Wafa Telecom
- Native name: وفا تيليكوم
- Founded: 2017
- Defunct: December 2024
- Headquarters: Abd Al-Rahman Shahbander Street, Damascus
- Area served: Syria
- Key people: Ghassan Saba (CEO)
- Products: Mobile network operator, GSM, 3G, 4G / LTE, 5G
- Services: Telecommunications & Data
- Website: wafa-telecom.com/en/

= Wafa Telecom =

Third mobile operator in Syria

Wafa Telecom (وفا تيليكوم) was the third mobile operator in Syria. The other two being Syriatel and MTN Syria.

It was granted the exclusive rights to operate 5G in Syria. They performed the first test of the technology in 2023. The company planned to build 750 radio stations by the start of 2023. They aimed to acquire 1.5 million users in three years and cover 80% of Syria in 5 years and 90% of it in 10 years.

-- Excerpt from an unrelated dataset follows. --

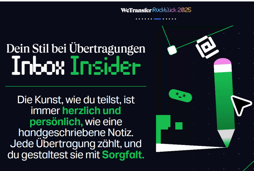 - Die von mir verschickte Datenmenge via WeTransfer: 28,2 GB (das sind 20.024 Disketten, 1.154 E-Mail-Anhänge und 42 CD’s). Ich wurde quasi zum Blockbuster in der WeTransfer-Welt. Wer hätte das gedacht, dass das mein Arbeitstool Nummer Eins werden würde.
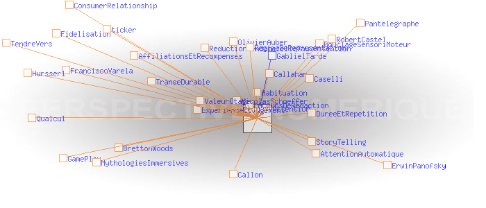 Attention à l'inversion de l'attention!NOTES EnCoursDeRedaction OlivierAuber "Capter l'attention" semble être de devenu l'objectif commun et exclusif, non seulement du marketing et de la publicité - on comprend bien que c'est leur job - mais de toutes les sphères de la vie collective : industrie, finance, média, éducation, politique, et sciences aussi. L' "économie de l'attention" théorisée par Goldhaber avant le web (1989) n'a fait que s'amplifier en trouvant de nouveau supports : jeux 3D massivement multijoueurs, sites sociaux temps réel, etc. Mais certains indices montrent qu'une forme d'acculturation aux stratégies de captation de l'attention émergent sur ces nouveaux supports et pourrait les circonvenir, retourner les rapports capteurs/captés, voire les mettre en déroute...Les stratégies de captation... Régime de fidelisationDurée et répétition? Attention automatique? Fidelisation? RobertCastel? Habituation? ManagementConsumer Relationship Management? Valeur d'otage Régime de l'alerteticker de Callahan? vers 1860 bourse de New York Pantelegraphe de Caselli? vers 1860 Bourse de Paris Tour de NicolasSchoeffer Bretton Woods? 1971 effet de réalité Qualcul? Callon? 1998 réduction tendancielle du taux d’attention? régime de l’immersion Enaction? Francisco Varela StoryTelling? GamePlay? tendre-vers? Hursserl? 1970 Expérience et jugement? Mythologies immersives? transe durable? Affiliations et recompenses? régime de représentation? Erwin Panofsky 1927 REFERENCES BARON-COHEN S., Mindblindness, Cambridge MA, 1995. BARTHES, Roland, « En sortant du cinéma », in le bruissement de la langue , Paris : Seuil, 1984. BOLTANSKI, L. et CHIAPELLO E., Le nouvel esprit du capitalisme, Gallimard (NRF), Paris, 1999. BOLTANSKI, L. et THEVENOT L., De la justification. Les économies de la grandeur, Gallimard (NRF), Paris, 1991. BOULLIER, Dominique, L’urbanité numérique. Essai sur la troisième ville en 2100, Paris: L’Harmattan, 1999. BOULLIER, Dominique.- “ Les conventions pour une appropriation durable des TIC. Utiliser un ordinateur et conduire une voiture ”, Sociologie du Travail, 3/2001, pp. 369-387. BOULLIER, Dominique.- « Le web immersif », Quaderni, n°66, Printemps 2008. BOULLIER, Dominique.- La télévision telle qu’on la parle. Trois études ethnométhodologiques, Paris : L’Harmattan, 2004. BOULLIER Dominique et Frédéric HUET, « Dematerialization in the AV industry, from boxes to attention. A casestudy of a newcomer, Tivo”, Communication and strategies, n° 71, 2008. CALLON, M (ed) (1998), The Laws of the Markets, Oxford : Basil Blackwell COCHOY, Franck.- Une sociologie du packaging ou l’âne de Buridan face au marché, Paris : PUF, 2002. COWAN, N. “Evolving conceptions of memory storage, selective attention ans their mutual constraints with the human information-processing system”, Psychological Bulletin,, 1988, 104, pp. 163-192. CRARY, J. (2000). Suspensions of Perception, Attention, Spectacle, and Modern Culture. Cambridge: MIT Press. GADREY, Jean. Socio-économie des services, Paris : La Découverte, 2003 GILLE, Laurent.-« L'intermédiateur, un nouveau métier », Sociétal, n°23, Décembre 1998 GOLDHABER, Michael H. 1989. "Equality and Education in America Now," In: Education and the American Dream, H. Holtz, I. Marcus, J. Dougherty, J. Michaels, and R. Peduzzi (eds.), Granby, Mass.: Bergin & Garvey, Chapter 6, pp. 70-76 GOLDHABER, Michael H. 1992. "The Attention Society," Release 1.0, ( 26 March), No. 3, E. Dyson (ed.), New York, EDventure Holdings, pp. 1-20 http://www.firstmonday.org/issues/issue2_4/goldhaber/index.html HUSSERL E., Expérience et jugement, trad. franç., Paris, 1970. l’Association pour la Recherche Cognitive, n° 42, p. 39. JAMES, William.- Précis de psychologie, Paris : Les empêcheurs de tourner en rond, 2002 (1ere édition : 1892). KARPIK, Lucien.- L’économie des singularités, Paris : Gallimard, 2007. LAHLOU, Saadi.- “ Les attracteurs cognitifs et le syndrome du débordement ”, Intellectica, n°30, 2000. LATOUR, Bruno et Vincent LEPINAY.- L’économie, science des intérêts passionnés. Introduction à l’anthropologie économique de Gabriel Tarde, Paris : La Découverte, 2008. MANOVICH, Lev (2001), The language of new media, Cambridge, MIT Press. MONSELL,S., & DRIVER, J. (Eds.). (2000). Control of Cognitive Processes. Cambridge, MA: MIT Press. NORMAN, D.A., T. SHALLICE (1984) “Attention to action: willed and automatic control of behavior”, in Schwarz, G., Consciousness and self regulation: New York: Plenum Press ORLEAN, A. (dir.) (1994), Analyse économique des conventions, Paris, PUF. ORLEAN, A. Le pouvoir de la finance, 1999, Paris, Ed. Odile Jacob. PANOFSKY, E. (1991), La perspective comme forme symbolique, Paris, Ed. Minuit, (Première édition, 1927, Perspective as a symbolic form). PREDA, A., « Les hommes de la bourse et leurs instruments merveilleux. Technologies de transmission des cours et origines de l’organisation des marchés. » Réseaux 21/122, 2003, pp.137-165 RIBOT, T. (1889), Psychologie de l'attention, Paris, Felix Alcan. SCHNEIDER W. and Shiffrin, R.M. “Controlled and automatic human information processing. 1: detection, search and attention”, Psychological Bulletin, 1977, 84, pp.1-66. VARELA, F. E. THOMPSON et E. ROSCH, L'Inscription corporelle de l'esprit : sciences cognitives et expérience humaine, Seuil, Paris, 1996

Its ownership had links to Iran's Revolutionary Guard.

== History ==
Wafa was established in 2017. On February 21, 2022, Syria's telecommunications authority granted the company a mobile license. It is the third company in Syria to get that license.

In December 2024, the company closed after the fall of the Assad regime.

== Ownership ==
Two senior businessmen told Reuters that "Influential businessmen with close ties to government officials are key investors in the company". Other various local sources also reported that company is directly linked with the presidential palace.

=== Iranian links ===
An investigation between Organized Crime and Corruption Reporting Project (OOCRP) and the Observatory of Political and Economic Networks revealed a hidden link between the company and Iran Revolutionary Guard. Arabian Business Company (ABC), which owns 52% of Wafa Telecom, is itself owned by a Malaysian company called Tioman Golden Treasure. This Malaysian company is owned by Iranian Azim Monzavi which is sanctioned by the U.S which described him as "An IRGC official who facilitates oil sales".

While Iran has not officially acknowledged ownership of Wafa, it signed a contract for cooperation in communication (a mobile network operator) with Syria in 2017. The head of the joint commission for economic cooperation between Iran and Syria mentioned in 2023 that Iran is launching a mobile operator in Syria soon. But didn't confirm whether it is Wafa or another company.